Event Date: 21 March 2011
Room B36
Birkbeck College
Malet Street
London WC1E 7HX


Orbiting London – A Conversation with Iain Sinclair


Iain Sinclair, writer, poet and film-maker, will discuss – in conversation with Iain Boal, (social historian and Fellow of the Institute for the Humanities) his four decades of chronicling the life of the capital. More than any contemporary author Sinclair’s work is suffused with the spirit of place, of London as a palimpsest, in particular the environs of Hackney, his home since the mid-60s. Sinclair’s books include Downriver, Rodinsky’s Room, London Orbital, Lights out for the Territory, London: City of Disappearances, Hackney: That Rose-Red Empire.

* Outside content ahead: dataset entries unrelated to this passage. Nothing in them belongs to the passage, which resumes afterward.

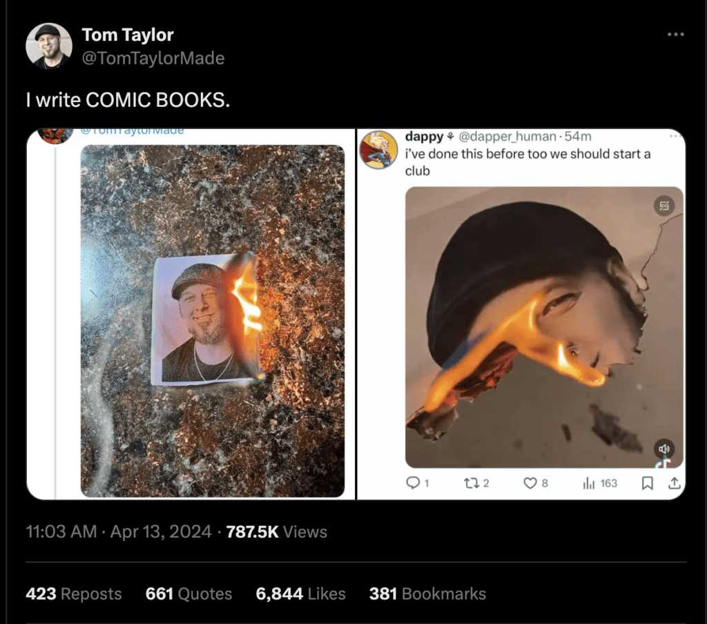 X user @camphobic, whose bio claims to be a lesbian, part of the "Free Palestine" movement, and "not a fan of men," posted an image of Tom Taylor on fire, presumably burned by they/them at some point over not liking one of his storylines.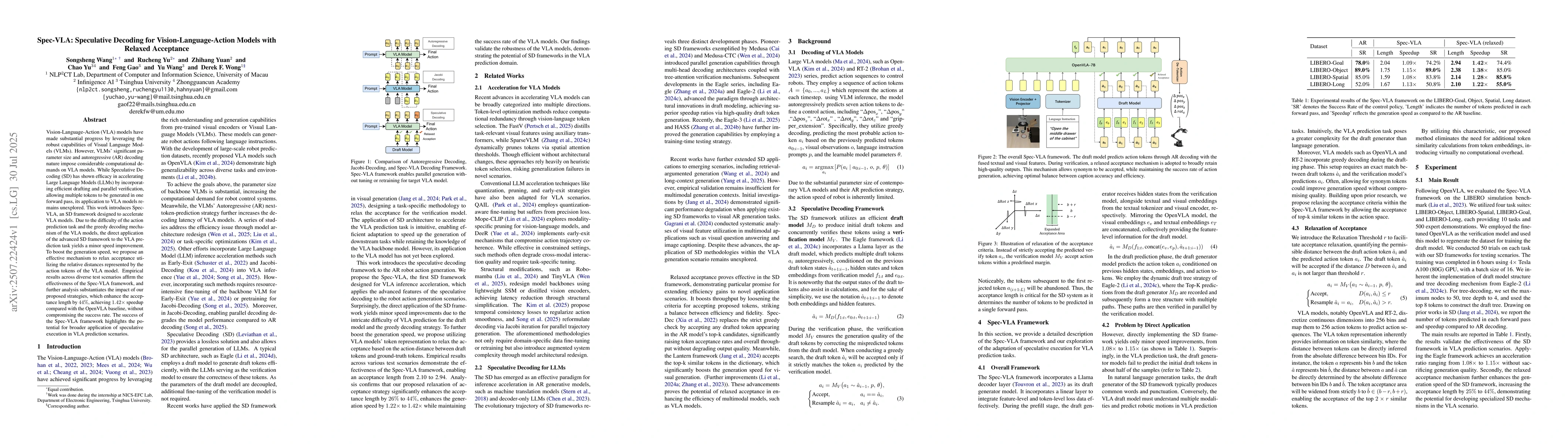 The research is novel in applying speculative decoding to VLA prediction tasks, introducing a relaxed acceptance strategy tailored to the unique challenges of VLA models, and demonstrating its effectiveness through empirical results.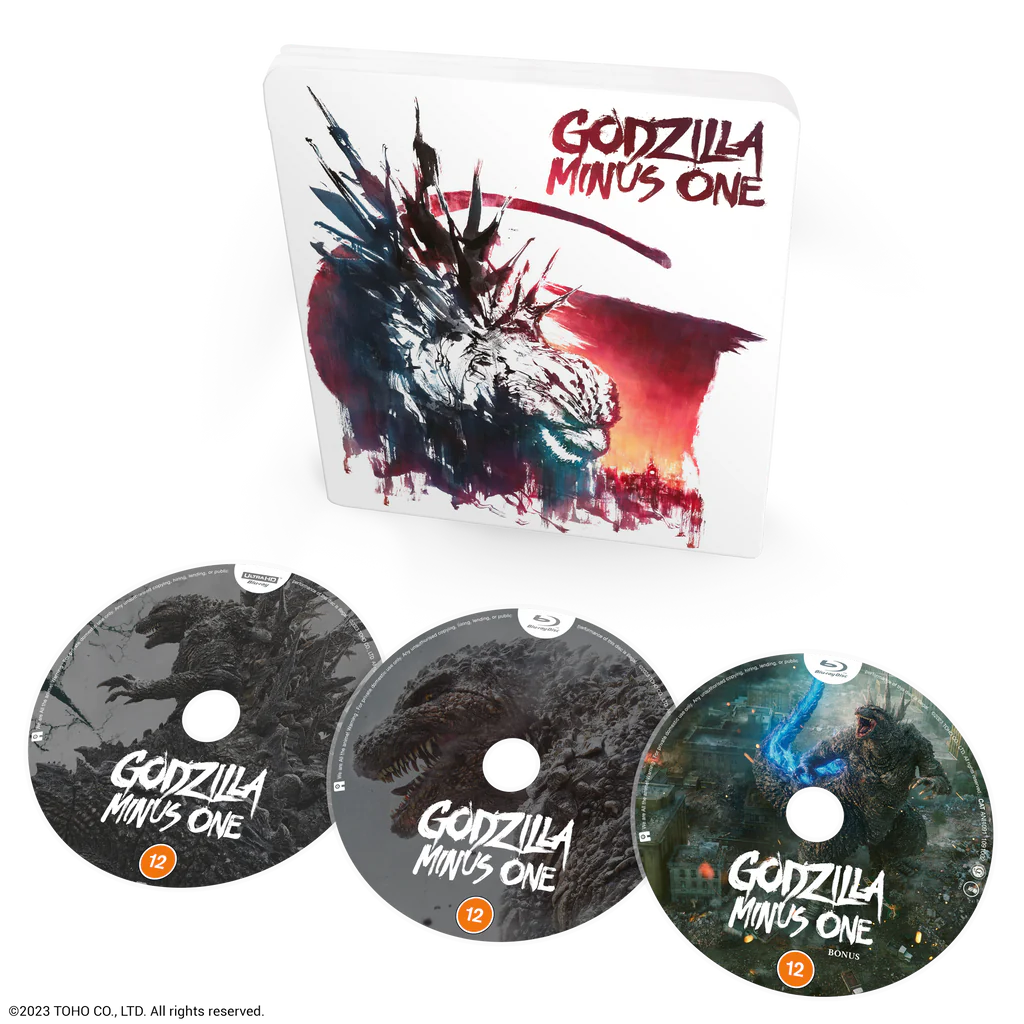 | Deluxe Edition: – Rigid slipcase outer packaging with four-tray digipack – Godzilla Minus One/Minus Color on Blu-ray – 68-page Booklet featuring a message from director Takashi Yamazaki, an introduction to the film, character bios, host of promotional artwork, and a wealth of interviews and information including interviews with director Takashi Yamazaki, VFX director Kiyoko Shibuya, audio recording and sound engineers Hisashi Takeuchi and Natsuko Inoue respectively, thoughts from Masahiro Ishiyama on colour-grading the film for both its original release and Godzilla Minus Color, as well as an article about the operation to bring Godzilla Minus One to the attention of an international audience, ultimately culminating in its Academy Award winning success. – Additional Blu-ray disc for Bonus Features subtitled in English (US release was not translated). Steelbook Edition: – Steelbook packaging – Additional Blu-ray disc for Bonus Features subtitled in English (US release was not translated). |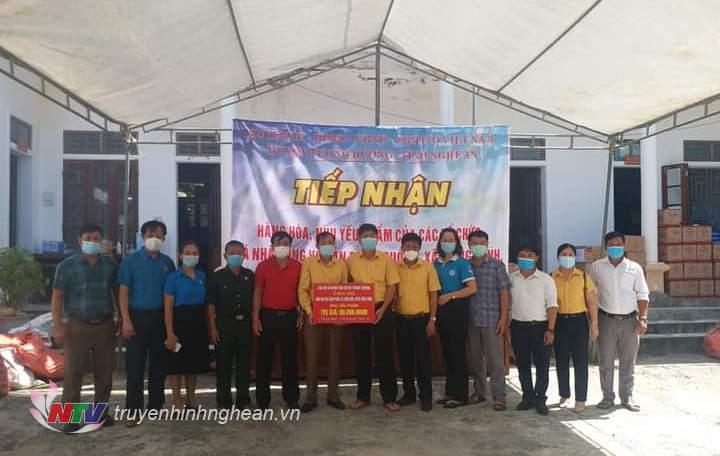 Tại điểm tiếp nhận ủng hộ của Ủy ban MTTQ huyện, Hội LHPN tỉnh đã trao tặng huyện Quỳnh Lưu 55 thùng nước rửa tay khô, tổng trị giá 93 triệu đồng. Nguồn kinh phí được trích từ Hội LHPN tỉnh.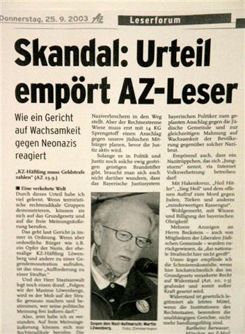 Mit Rufen wie "Nicht in meinem Namen" protestierten die antifaschistischen Zuschauer gegen dieses Urteil. Mehrere, darunter auch der Fraktionschef der Münchner Grünen, Siegfried Benker, wurden daraufhin vom Richter des Saales verwiesen. Am 6. Oktober steht Stadtrat Benker selber vor Gericht. Auch er hatte im vergangenen Jahr dazu aufgerufen, den Naziaufmarsch zu verhindern.

Iain Boal (BIH Research Fellow) is a social historian of science and technics, with a special interest in visual culture, public space and the commons. Educated in the British Isles, he moved to the US in 1982, where he has taught at Harvard, Stanford and the University of California, in the Geography Dept at Berkeley and Community Studies at Santa Cruz. He is associated with Retort, a group of writers, artists and artisans based for two decades in the San Francisco Bay Area. With James Brook he edited Resisting the Virtual Life: The Culture and Politics of Information (City Lights). He is the author, with T.J. Clark, Joseph Matthews and Michael Watts, of Retort’s Afflicted Powers: Capital and Spectacle in a New Age of War (Verso). He is co-editor of West of Eden: Communes and Utopia in Northern California (PM Press, 2011), and his brief history of the bicycle in planetary perspective, The Green Machine, is forthcoming from Notting Hill Editions. In 2005/6 he was a Guggenheim Fellow in Science and Technology.